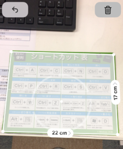 動かしているうちに、測りたいものが四角の場合は自動的に検知して、縦、横の長さを自動的に検知して表示してくれます![]()
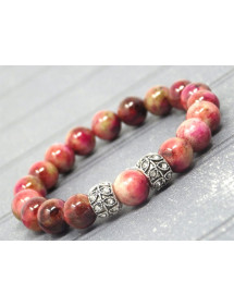Muy hermosa pulsera firmada Thrucolas, realizado con cuidado en nuestros talleres en Francia. Esta pulsera está hecha de cuentas de jade natural (piedra semipreciosa) con dos hermosas perlas tibetanas engastadas con cristales. Estilo: étnico, tribal, bohemio, hippie chic, chic, clásico Longitud: 190 mm Cuentas: 10 mm Materiales: jade natural (piedra semipreciosa), cristal Color: rojo, verde Color del metal: plata antigua Esta joya está hecha con cuentas de jade genuinas, piedras preciosas con propiedades protectoras y cuentas de metal plateado tibetano con cristales. El conjunto está montado sobre un cable de cristal elástico. Esta joya viene con una hermosa bolsa de regalo en textil dorado.
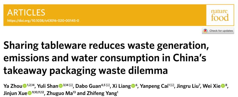 9月15日,环境生态工程研究院周雅副教授以第一作者在国际顶级期刊Nature Food(《自然•食物》)发表题为Sharing tableware reduces waste generation, emissions and water consumption in China’s takeaway packaging waste dilemma(共享餐具减少垃圾、排放和水资源消耗,破解中国外卖包装垃圾难题)的研究长文,研究首次定量我国城市外卖垃圾产量及生命周期环境影响,提出共享餐具可为我国外卖包装垃圾减量、塑料污染治...
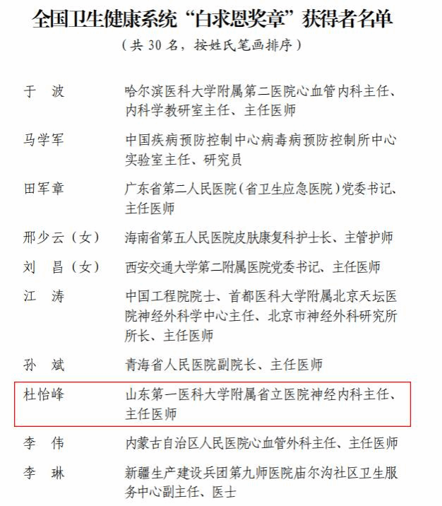 董亮教授与杜怡峰教授此次获得的奖项是全国卫生健康系统的最高荣誉之一,代表了行业内的最高水平,是对个人工作业绩、专业能力、职业道德等方面的高度认可。希望广大医护员工以董亮教授与杜怡峰教授为榜样,深耕岗位,拼搏奋进,以实际行动践行新时代“敬佑生命、救死扶伤、甘于奉献、大爱无疆”的崇高职业精神,坚定扛牢“走在前、挑大梁”使命担当,为推进健康中国、健康山东事业高质量发展作出积极贡献。
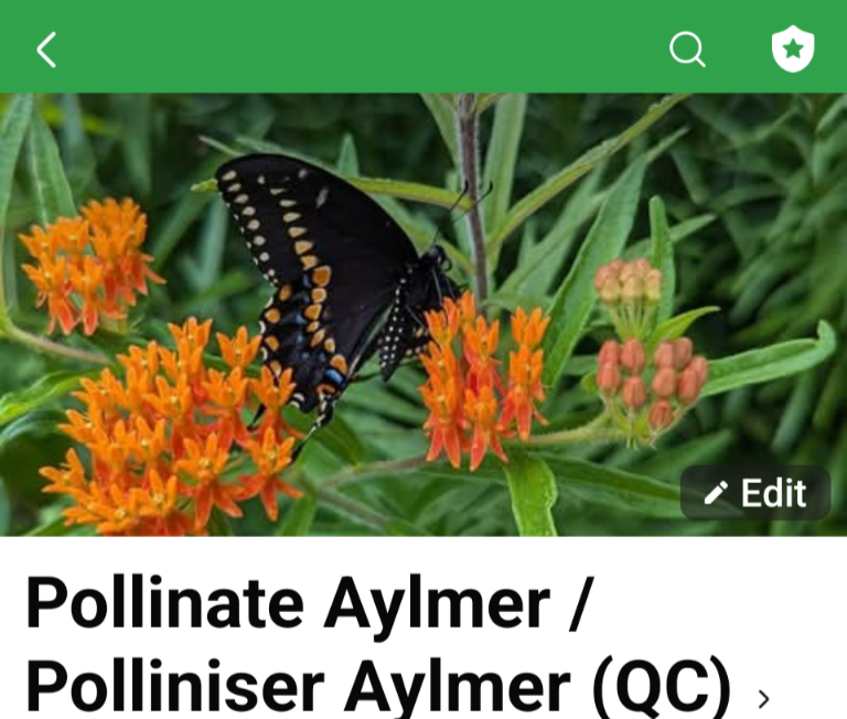 Any and all levels of knowledge and involvement are welcome. Join our new public Facebook Group “Pollinate Aylmer / Polliniser Aylmer (QC)” if you want to learn more and get involved:
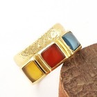 Square Red Jade Quartz Gold Plated Collet Set Statement Adjustable Ring

> PROBLEM TO WORK ON: Would you please output the listing above exactly, leaving out the pictures?

> OUTPUT OF THE TASK:
 動かしているうちに、測りたいものが四角の場合は自動的に検知して、縦、横の長さを自動的に検知して表示してくれます![]()
Muy hermosa pulsera firmada Thrucolas, realizado con cuidado en nuestros talleres en Francia. Esta pulsera está hecha de cuentas de jade natural (piedra semipreciosa) con dos hermosas perlas tibetanas engastadas con cristales. Estilo: étnico, tribal, bohemio, hippie chic, chic, clásico Longitud: 190 mm Cuentas: 10 mm Materiales: jade natural (piedra semipreciosa), cristal Color: rojo, verde Color del metal: plata antigua Esta joya está hecha con cuentas de jade genuinas, piedras preciosas con propiedades protectoras y cuentas de metal plateado tibetano con cristales. El conjunto está montado sobre un cable de cristal elástico. Esta joya viene con una hermosa bolsa de regalo en textil dorado.
 9月15日,环境生态工程研究院周雅副教授以第一作者在国际顶级期刊Nature Food(《自然•食物》)发表题为Sharing tableware reduces waste generation, emissions and water consumption in China’s takeaway packaging waste dilemma(共享餐具减少垃圾、排放和水资源消耗,破解中国外卖包装垃圾难题)的研究长文,研究首次定量我国城市外卖垃圾产量及生命周期环境影响,提出共享餐具可为我国外卖包装垃圾减量、塑料污染治...
 董亮教授与杜怡峰教授此次获得的奖项是全国卫生健康系统的最高荣誉之一,代表了行业内的最高水平,是对个人工作业绩、专业能力、职业道德等方面的高度认可。希望广大医护员工以董亮教授与杜怡峰教授为榜样,深耕岗位,拼搏奋进,以实际行动践行新时代“敬佑生命、救死扶伤、甘于奉献、大爱无疆”的崇高职业精神,坚定扛牢“走在前、挑大梁”使命担当,为推进健康中国、健康山东事业高质量发展作出积极贡献。
 Any and all levels of knowledge and involvement are welcome. Join our new public Facebook Group “Pollinate Aylmer / Polliniser Aylmer (QC)” if you want to learn more and get involved:
 Square Red Jade Quartz Gold Plated Collet Set Statement Adjustable Ring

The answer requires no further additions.